We also had to identify how to demarcate players by time since Oztoc runs continually and does not have a dedicated start and stop event. To determine when visitors likely entered or exited the exhibit, the designers analyzed board actions on a single day using a script with inactivity intervals ranging from 10 seconds to 120 seconds. They found that the inactivity metric did not change significantly, ranging from 45 to 120 seconds. To validate the 45-second cutoff time, they hand-labeled a 2-hour sample of video data and found that it was 100% accurate (Tissenbaum et al., 2016). Therefore, lags over 45 seconds for all four player spaces on the table triggered the creation of a new group of users.

3. Data Sources

The data analyzed here are from an open-ended engineering exhibit situated at the New York Hall of Science (Lyons et al., 2015). In the exhibit, visitors design and build glowing fishing lures to attract simulated bioluminescent fish (Figure 3). To catch all the different fish, players must experiment with creating circuits with different colors and numbers of LEDs. Wooden blocks represent resistors (1), batteries (2), timers (3), and different colored LEDs (4). Participants make circuit connections by bringing the blocks’ positive and negative terminals in contact with one another. Creating a successful circuit causes the LEDs to glow and lures the fish attracted to that light out for cataloging.


Figure 3. Depiction of the Oztoc exhibit.

This study tests the validity and utility of cluster heatmapping for revealing group interaction patterns by analyzing records from a single afternoon of exhibit usage. In the 133 minutes of recorded interactions during that period, 6,077 unique events were logged as described above.

4. Results

With players and play stations defined, we restructured the dataset into 10-second intervals of “playtime.” Figure 4 displays players as rows and each of the fifty 10-second timeslices as columns, with a brighter red indicating 20 or more actions within those 10 seconds, and white indicates no data. “Actions” are defined as any logged event in that player’s playstation during that 10 seconds. The clusters were formed by cross comparing the activity levels in these player “trajectories” to investigate whether players engage with the table with the same patterns of intensity over time.

The annotations to the heatmap’s right are labels and were not used to group the player trajectories. “#Circuits” represent the total number of circuits created by that player, with the brighter red indicating more circuits created. “#Circuits Per Sec” shows the total number of circuits created per second.

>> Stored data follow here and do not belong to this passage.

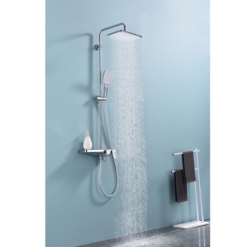 Душевая система Raglo R60.24. Цвет: хром. Материал: латунь. Управление: однорычажное. Механизм: керамический картридж. Скрытый излив с аэратором. Полка из стекла. Регулируемая по высоте душевая штанга: 1100-1530 мм. Форма верхнего душа: прямоугольная. Размер верхнего душа (ШхД): 300х200 мм. Регулируемый по высоте держатель ручного душа. Количество режимов струи ручного душа: 3. Переключение режимов ручного душа: кнопочное. Отверстия для монтажа: 3. Стандарт подводки: G 1/2. Монтаж: на стену.
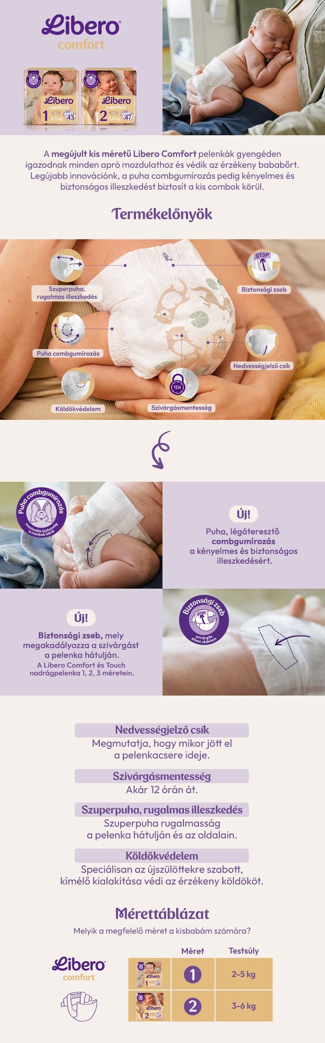 A Libero pelenkák bőrbarát, légáteresztő és bőrgyógyászatilag tesztelt anyagai védik a baba érzékeny bőrét. A nedvességjelző csík segít, hogy mindig tudd, mikor szükséges a csere, a puha kialakítás pedig óvja a köldök környékét.
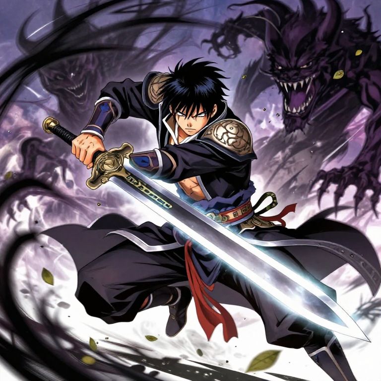 Manhwa cultivator wielding a glowing sword in a fierce battle against shadowy beasts, dynamic action pose, swirling wind and scattered leaves, intricate armor with ancient symbols, cinematic lighting and high contrast, vivid color scheme drawing from manhwa aesthetics.

The last four annotation columns on the far right indicate how many other simultaneous players were present with that player.

Figure 4 shows that when individual player trajectories are clustered by similarity, there are at least three different patterns with different “outcomes” (measured by circuits created). The longest and most active clusters only occur when there are four players. The players depicted in Cluster 3 (Figure 4, bottom) use Oztoc for 10 seconds to one minute. These players usually play with few other simultaneous players and make few (if any) circuits. Cluster 1 (Figure 4, top) players have longer play sessions in which there is a consistent level of activity, and players make many circuits. Cluster 2 (Figure 4, middle) players make the most circuits and have the highest activity per 10-second intervals. These players are typified by somewhat shorter play sessions than Cluster 1 and end with rapid tile movement.


Figure 4. A heatmap revealing clusters based on raw counts of actions over time.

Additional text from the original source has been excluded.